Молчание. Не глядя на дочь, Мэгги взяла со стола свою сумку.

— Мы опаздываем. Мадам Роше ждет нас в два часа. Если ты хочешь, чтобы платья были готовы до твоего отъезда, нам надо поторапливаться.

— Вот меня и поставили на место, — усмехнулась Джастина.

— Послушай, Джастина, а почему ты меня не знакомишь ни с кем из твоих подруг? Кроме миссис Дивайн я в доме ни души не видела, — сказала Мэгги, когда они уже сидели в ателье Жермен Роше и перед ними одна за другой выступали, охорашиваясь, томные, кокетливые манекенщицы.

— Ну, они такие застенчивые… Мне нравится вон то, оранжевое, а тебе?

— К твоим волосам не подходит. Лучше это, серое.

— Пф-ф! Оранжевый прекрасно идет к моим волосам. А в сером я буду вроде дохлой мыши, которую кошка еще и по грязи проволокла. Отстаешь от века, мама. Рыжим теперь вовсе незачем одеваться только в белое, серое, черное, изумрудно-зеленое или в этот ужасный цвет, на котором ты помешана, — как бишь его, пепел розы? Викторианская древность!

— Название этого цвета ты усвоила, — подтвердила Мэгги. Повернулась, посмотрела на дочь. — Ты чудовище, — проворчала она сердито, но и с нежностью.

Джастина и глазом не моргнула, ей не впервой было это слышать.

— Я возьму оранжевое, ярко-красное, ситцевое с лиловым узором, светло-зеленое, вишневый костюм…

Мэгги не знала, злиться или смеяться — ну что поделаешь с такой вздорной девчонкой?

Пароход «Гималаи» отходил из Дарлингского порта через три дня. Это была славная, очень надежная старая посудина с широким корпусом, построенная еще в пору, когда никого не одолевала бешеная спешка и люди спокойно мирились с тем обстоятельством, что через Суэцкий канал плыть до Англии надо месяц, а вокруг мыса Доброй Надежды — и все пять недель. А в наше время даже океанским лайнерам придают обтекаемую форму, корпус у них узкий, будто у эсминцев, — все во имя скорости. Но на таком кораблике подчас несладко и заправскому морскому волку, а каково пассажиру с чувствительным желудком…

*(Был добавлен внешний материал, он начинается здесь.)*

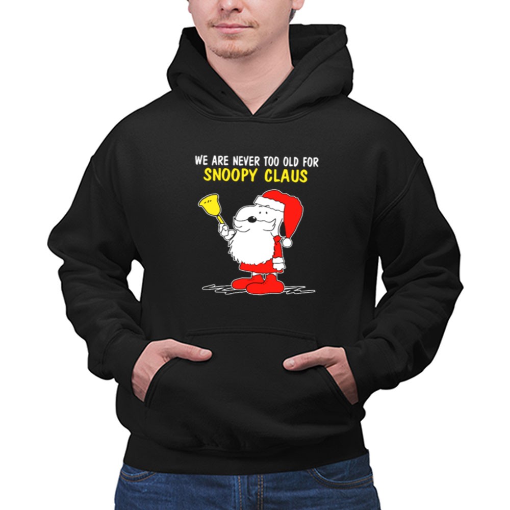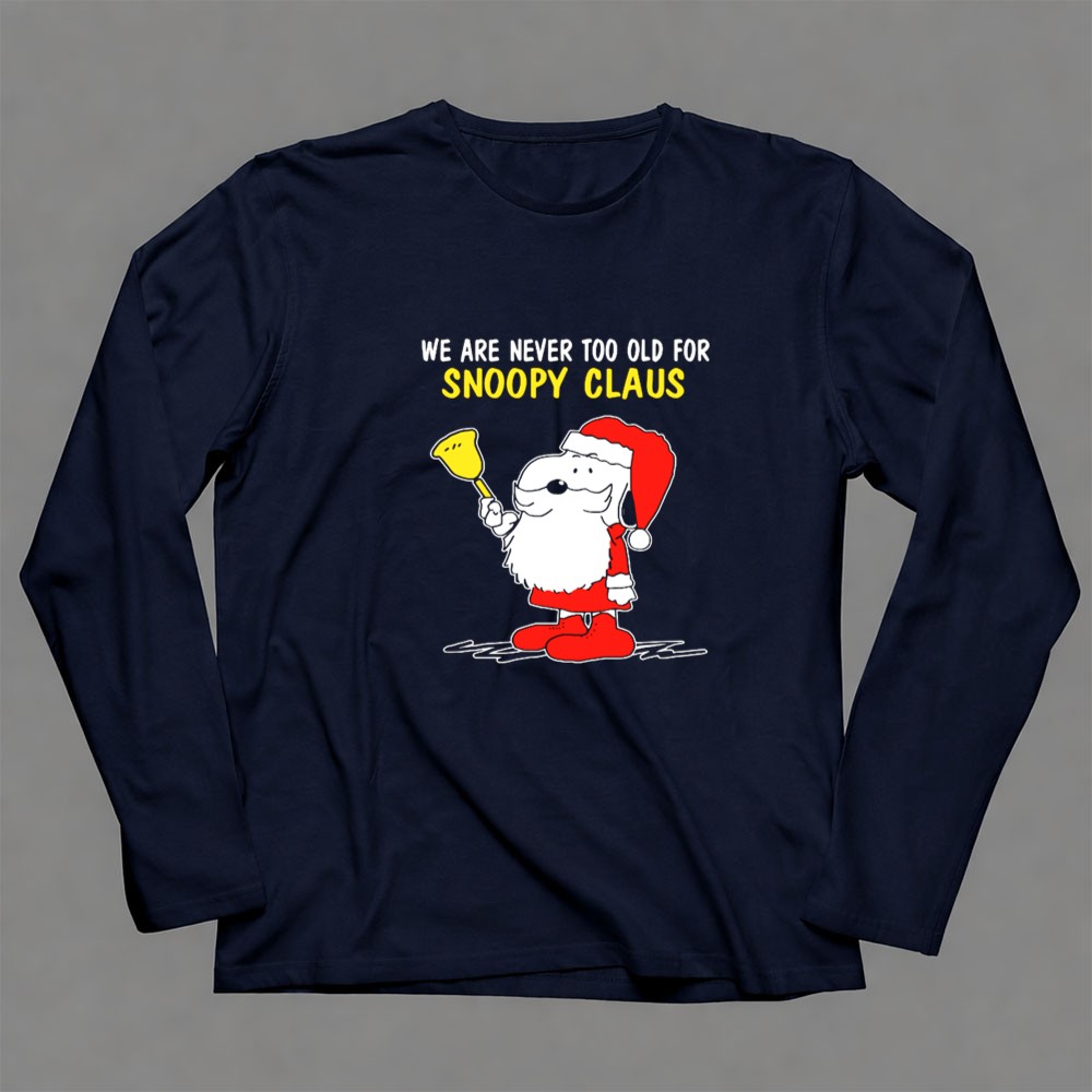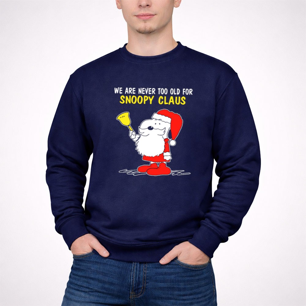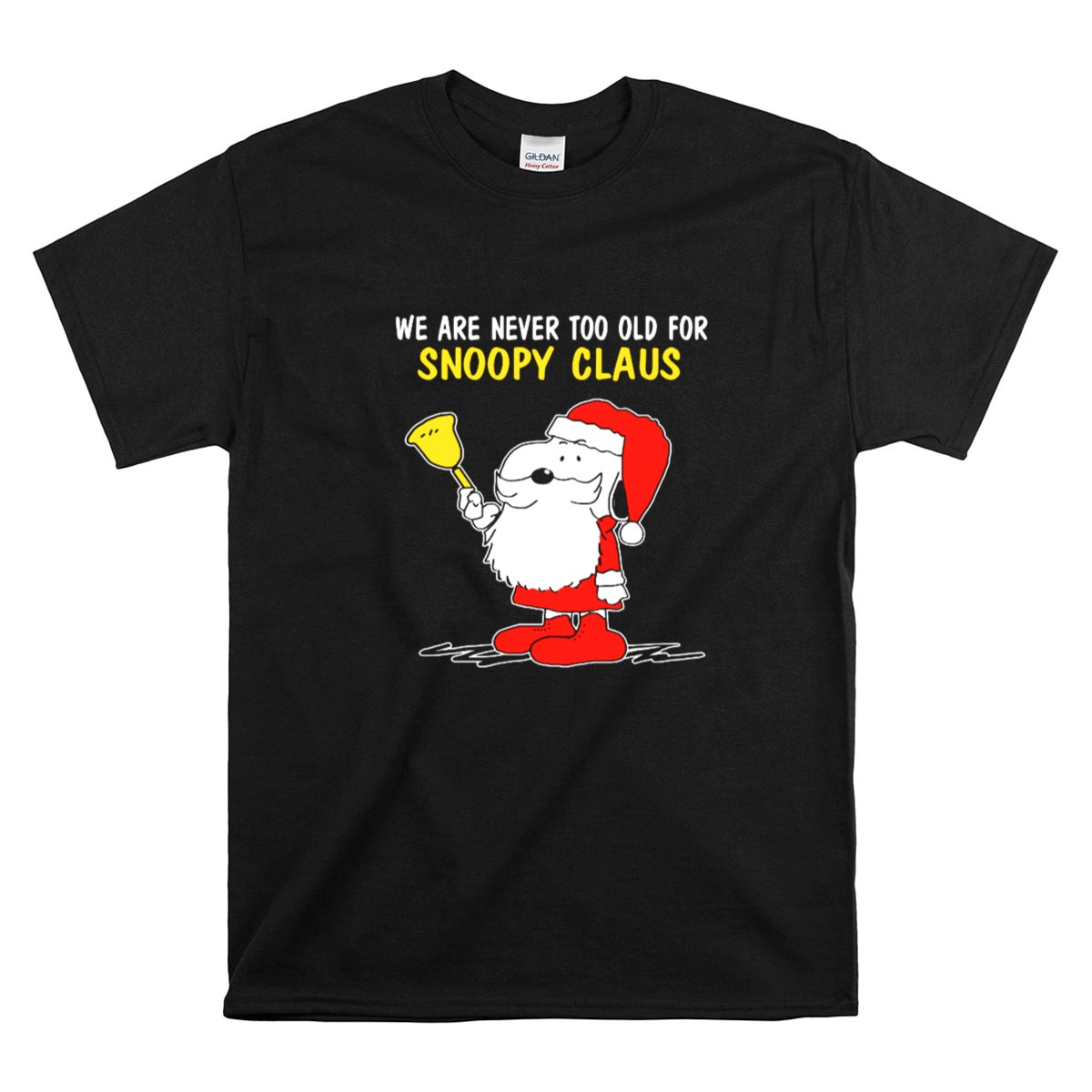 We Are Never Too Old for Snoopy in Santa Claus Outfit Holding Christmas Bell Shirt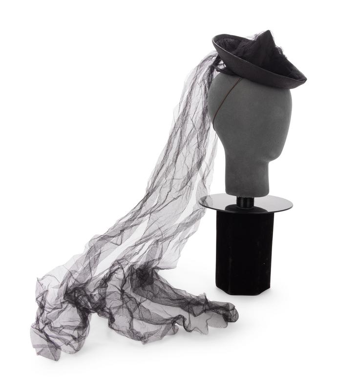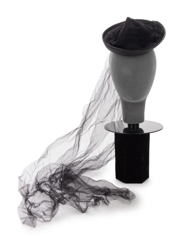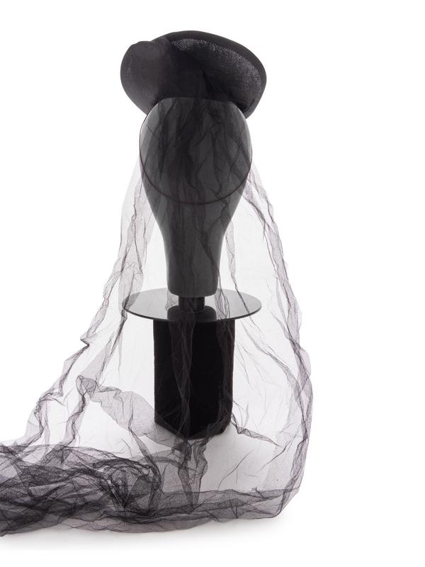 Black straw cone shaped hat with black net swirled on top and long black net drape.

— Вот потеха! — смеялась Джастина. — В первом классе едут футболисты, целая команда, так что будет не скучно. Там есть просто ослепительные парни.

— Ну, теперь ты рада, что я заставила тебя ехать первым классом?

— Да, пожалуй.

— Джастина, вечно ты меня бесишь, я из-за тебя становлюсь сущей ведьмой! — вспылила Мэгги, ей казалось, поведение Джастины — верх неблагодарности. Скверная девчонка, хоть бы на этот раз притворилась, что ей жаль уезжать! — До чего упрямая, капризная, несносная! Никакого терпенья с тобой нет!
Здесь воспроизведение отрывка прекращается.